Bill Cosby returned to court in Pennsylvania today (July 7) in a bid to quash a criminal trial stemming from his alleged 2004 sexual assault of Andrea Constand. At the time, she worked at Cosby’s alma mater Temple University in Philadelphia.
Cosby, now 78, and his lawyer, Christopher Tayback, appeared before Montgomery County (Pa) Judge Steven O’Neill seeking to dismiss charges or force Constand to testify, according to media reports.
Update: Judge O’Neill has denied Cosby’s motion to compel Constand’s testimony in a preliminary hearing before his criminal sex assault case goes to trial. Cosby had sought the hearing or dismissal of charges, according to the AP.
Constand, now 43, was a no-show, drawing protests from Tayback. He told the judge she should be required to testify at a preliminary hearing.
Instead, Montgomery County Prosecutor Kevin Steele called two police officers who initially investigated Constand’s complaint in 2005. They testified as to the facts in her 11-year-old statement.
Tayback argued Cosby was being denied his right to confront his accuser and called the testimony “hearsay.”
“It’s a statement that on its face begs more questions than it answers,” he told the judge.
Steele argued that he did not want to “re-traumatize” Constand by forcing her to testify.
At the time of the alleged assault, Constand was director of operations for the Temple women’s basketball team. Cosby was a major donor, who visited the school often. He also had a house in Philadelphia.
Prosecutors declined to bring charges when she initially complained to police.
But Steele last December charged the comedian with one count of aggravated indecent assault, a felony.
Steele joined the office in 1995 and rose to become first assistant district attorney. He was elected District Attorney in Nov. 2015. He took office in January.

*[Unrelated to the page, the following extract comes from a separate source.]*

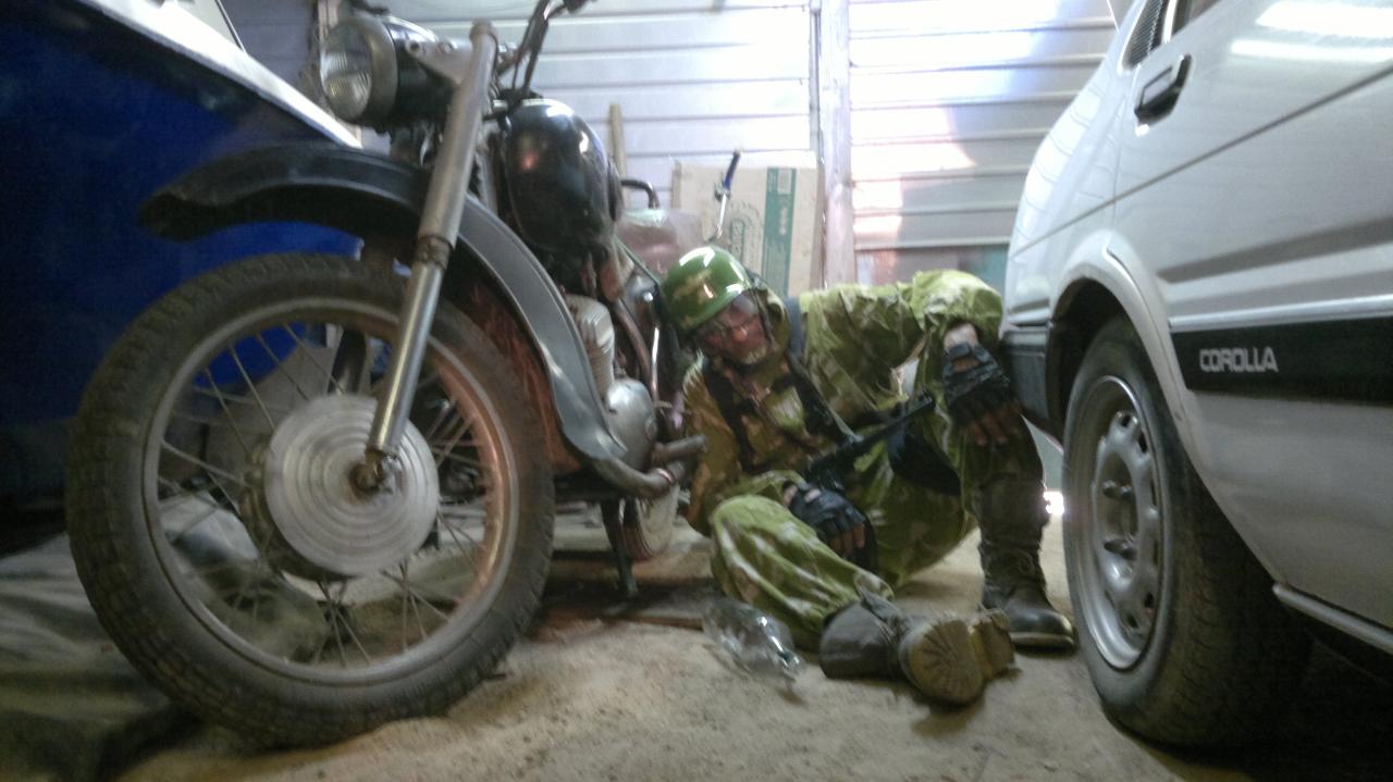 Это я тут чудачил тоже на участках , переодевался в ганса и гонял на мотыке по посёлку , никто не узнал меня пока не снимал каску и очки , ржака была только среди своих особо знакомых , остальные только челюсть руками держали и я был в полной безопасности на дороге

According to testimony from her 2005 civil suit, Constand said Cosby invited her to his house. He gave her three blue pills after she complained about being stressed.

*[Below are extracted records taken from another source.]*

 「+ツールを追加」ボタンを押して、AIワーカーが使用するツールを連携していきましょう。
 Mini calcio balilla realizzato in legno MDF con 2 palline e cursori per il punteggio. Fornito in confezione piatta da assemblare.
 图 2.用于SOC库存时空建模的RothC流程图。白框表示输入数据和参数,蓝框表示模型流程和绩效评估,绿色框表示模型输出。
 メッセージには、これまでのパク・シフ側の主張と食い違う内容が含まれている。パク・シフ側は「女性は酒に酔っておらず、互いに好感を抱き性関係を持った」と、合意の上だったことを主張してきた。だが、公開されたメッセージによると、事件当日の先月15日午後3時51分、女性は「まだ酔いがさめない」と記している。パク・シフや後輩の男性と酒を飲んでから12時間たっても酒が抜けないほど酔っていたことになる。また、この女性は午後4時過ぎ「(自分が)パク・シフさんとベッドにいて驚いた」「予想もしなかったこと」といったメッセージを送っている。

He claimed the pills were “herbal medication” to help her relax, she added.
After taking them, she testified, her “knees began to shake, her limbs felt immobile, she felt dizzy and weak and she began to feel only barely conscious.”
Cosby allegedly gave her another drug, led her to a sofa and sexually molested her. After she regained consciousness, Constand said her “clothes and undergarments were in disarray,” according to court papers.

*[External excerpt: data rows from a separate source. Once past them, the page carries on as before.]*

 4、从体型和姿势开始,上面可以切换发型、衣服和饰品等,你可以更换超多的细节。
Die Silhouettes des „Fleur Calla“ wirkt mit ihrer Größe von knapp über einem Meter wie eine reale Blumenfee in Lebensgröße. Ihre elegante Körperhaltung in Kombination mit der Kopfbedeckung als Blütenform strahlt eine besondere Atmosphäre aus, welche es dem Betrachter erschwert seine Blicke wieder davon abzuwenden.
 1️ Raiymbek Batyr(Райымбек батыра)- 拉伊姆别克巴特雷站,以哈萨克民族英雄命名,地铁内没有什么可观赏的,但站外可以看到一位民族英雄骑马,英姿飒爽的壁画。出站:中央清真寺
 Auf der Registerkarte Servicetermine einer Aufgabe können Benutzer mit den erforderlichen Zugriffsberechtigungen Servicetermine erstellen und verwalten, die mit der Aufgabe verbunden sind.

Her civil suit was settled out of court in 2006 for an undisclosed amount. Under terms of the settlement, Cosby contends he was promised no criminal charges would be forthcoming.
The files were sealed afterward, but released to the public last year.
Cosby admitted in a deposition that he plied women with drugs so he could have sex with them. But he insisted his relationship with Constand was consensual.
More than 50 women have come forward in the past 18 months to detail similar allegations against the once-beloved comedian over the course of his career. Cosby has steadfastly denied the charges.
Many of the women said they remained silent for years because of Cosby’s stature. No criminal charges were filed against him until Steele brought his case just as the statute of limitations was nearing an end.